*** Begin section ***
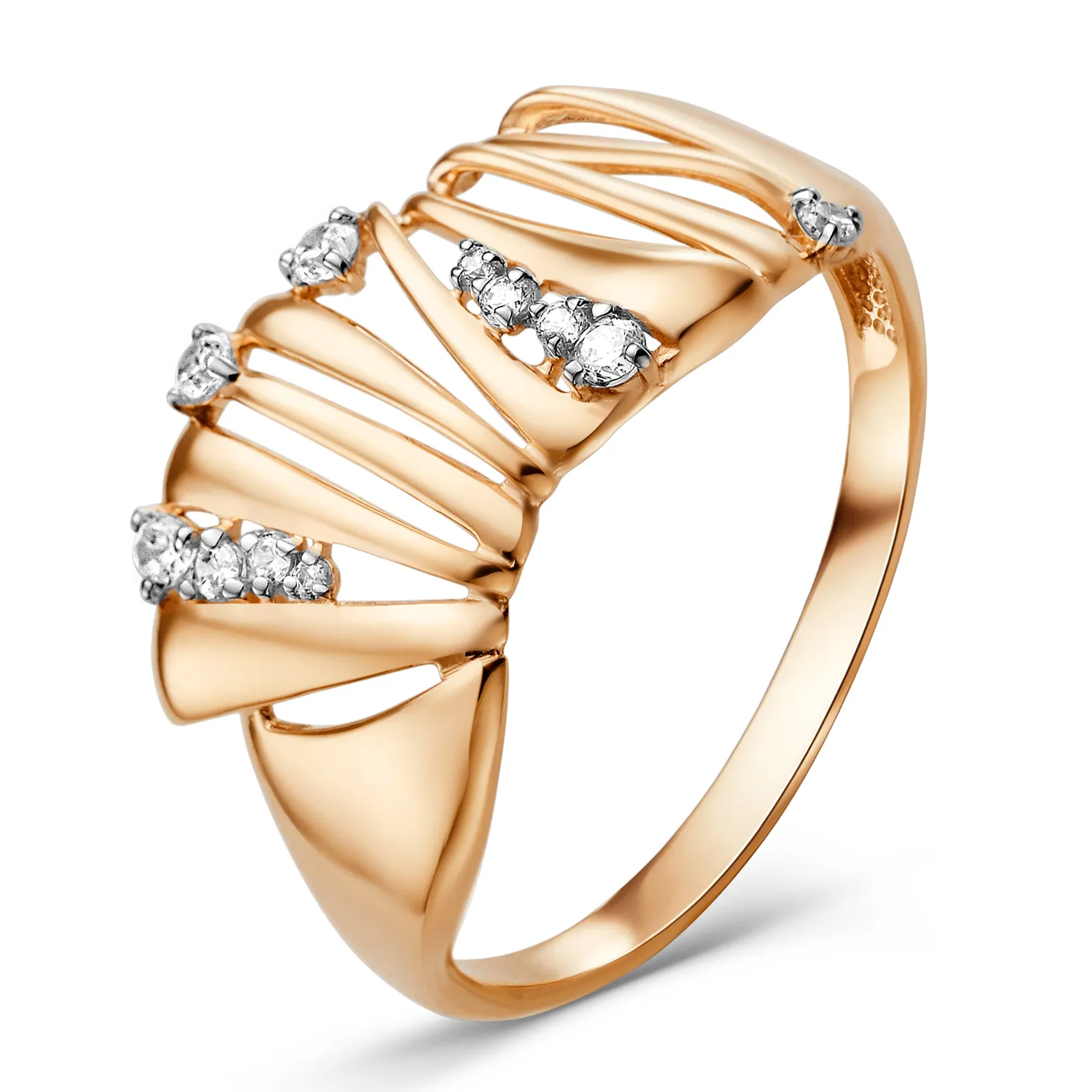 Кольцо из красного золота с фианитами
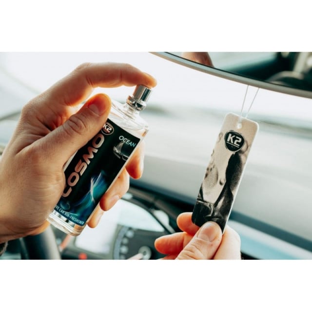 Cel mai eficient odorizant de aer din atomizor. Pentru toți cei care nu își decorează mașina cu odorizante, dar vor să aibă o aromă unică în interiorul mașinii. Datorită K2 Cosmo veți descoperi o lume de parfumuri uimitoare, inspirate de pasiunea pentru industria auto. Compoziția subtilă a aromelor de aer K2 Cosmo elimină și respinge toate mirosurile nedorite. Utilizarea K2 Cosmo permite aplicarea directă și intensă a parfumului, ceea ce ne permite să oferim interiorului un caracter unic. Utilizare: Pulverizați la o distanță de 30 cm de locul în care este utilizat Aplicați parfumul pe elemente materiale și tapițate Nu se aplică direct pe componente din piele Poate fi răspândit în aer
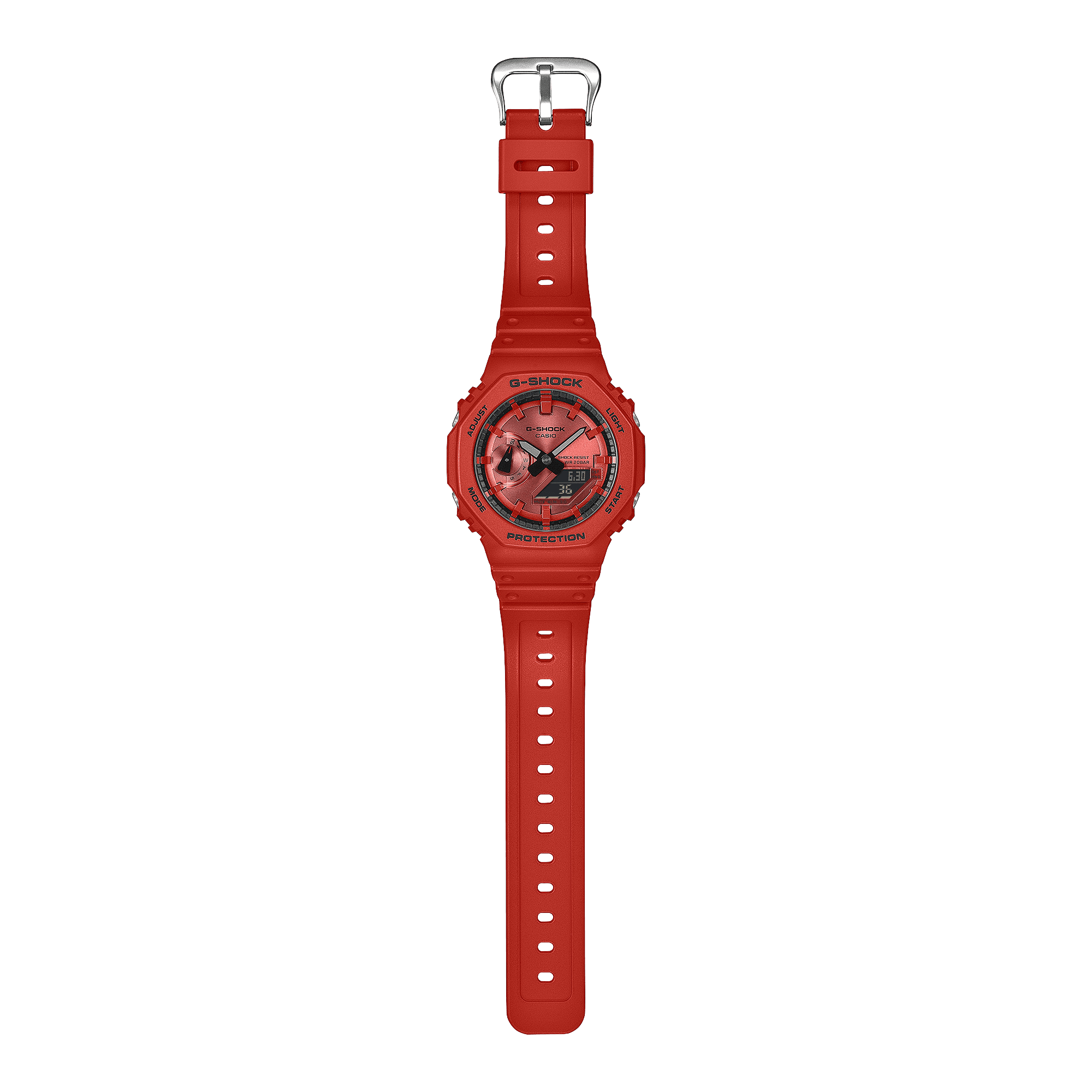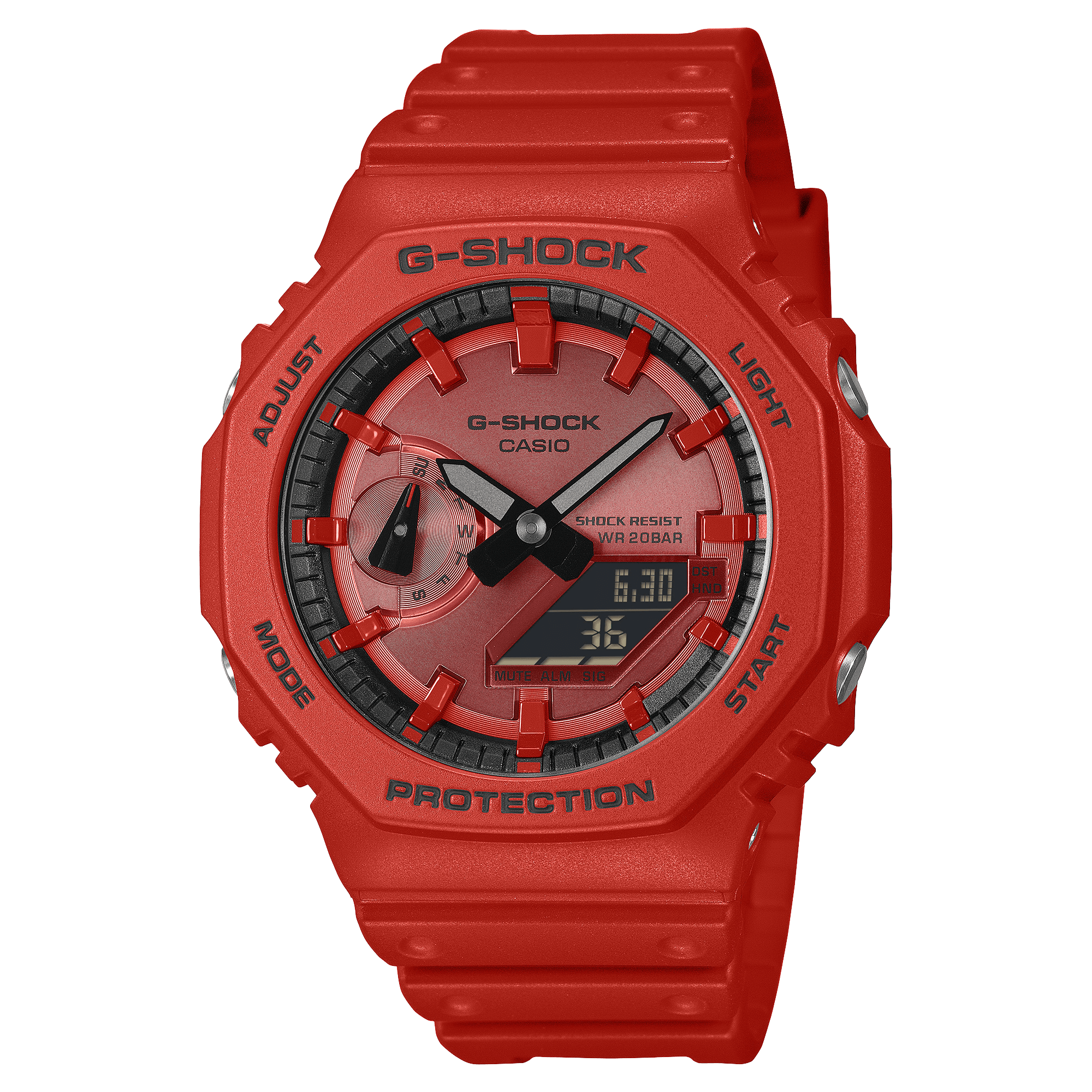 Indulge your passion for bold, bright toughness with an iconic G-SHOCK style in the vivid red loved by trendsetters and athletes the world over. Introducing four iconic styles in G-SHOCK brand red: the ever-popular 5600, a direct legacy of the first-ever G-SHOCK; the 6900, a timeless cultural icon still loved by people of all ages; the 110 with strong, bold oversized case; and the streamlined beauty of the 2100 with octagonal bezel. Treated to a vapor deposition finish in red, the watch face blends seamlessly with the red band and bezel, while the dramatic textural contrast exudes strength and intensity. The inverted LCD and touches of black incorporated throughout the design pop against the vibrant red color scheme, the black accents enhancing the impact of the overall design to convey the uniquely tough G-SHOCK identity. Key resin components for the bezel and band are made with bio-based resin, a material expected to help reduce environmental impact. These vibrant watches make a great accessory for your street-savviest fashions and your most casual styles.
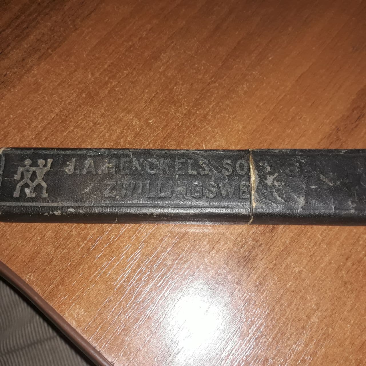 Он пообещал еще одну принести на завтра. У первой сломалась ручка при попытке уплотнения ручки (очень жаль) Вторую показываю тут. Досталась мне всего лишь за 4 бакса. по всей видимости это была когда то до регринда 5/8 бритва, вот такая. Заточилась быстро, так как сведение было по всей кромке и без повреждений, как на макро так и на микроуровне. "с рук" с легкостью брила предплечье, но начинать все же пришлось с тысячника. Были нюансы. Попробовал в бритье, вроде бы как оценка "отлично" посмотрим долговечность кромки, но судя по тому как она точится, регринд делали грамотно, не перегрели. Ничего не сыпется, без заусенцев, ну в общем вроде бы конфетка прожившая не одну жизнь. Не знаю теперь как уплотнить ей ручку, боюсь чтобы не треснула, подбиваю, она не уплотняется. Что делать непонятно. Но инструмент вполне рабочий, ощущения на уровне. а точнее их отсутствие Городишка у нас небольшой, около 100к всего, для нашего города фирменная бритва зарубежная это нечто, 4 года хожу на рынок, первый раз такое попалось.
*** End section ***
- [Task instructions]:
Would you restate, word for word and with no pictures, only the lines from the opening of the material through the line with "Cel mai eficient", both included?

- [Final answer]:
 Кольцо из красного золота с фианитами
 Cel mai eficient odorizant de aer din atomizor. Pentru toți cei care nu își decorează mașina cu odorizante, dar vor să aibă o aromă unică în interiorul mașinii. Datorită K2 Cosmo veți descoperi o lume de parfumuri uimitoare, inspirate de pasiunea pentru industria auto. Compoziția subtilă a aromelor de aer K2 Cosmo elimină și respinge toate mirosurile nedorite. Utilizarea K2 Cosmo permite aplicarea directă și intensă a parfumului, ceea ce ne permite să oferim interiorului un caracter unic. Utilizare: Pulverizați la o distanță de 30 cm de locul în care este utilizat Aplicați parfumul pe elemente materiale și tapițate Nu se aplică direct pe componente din piele Poate fi răspândit în aer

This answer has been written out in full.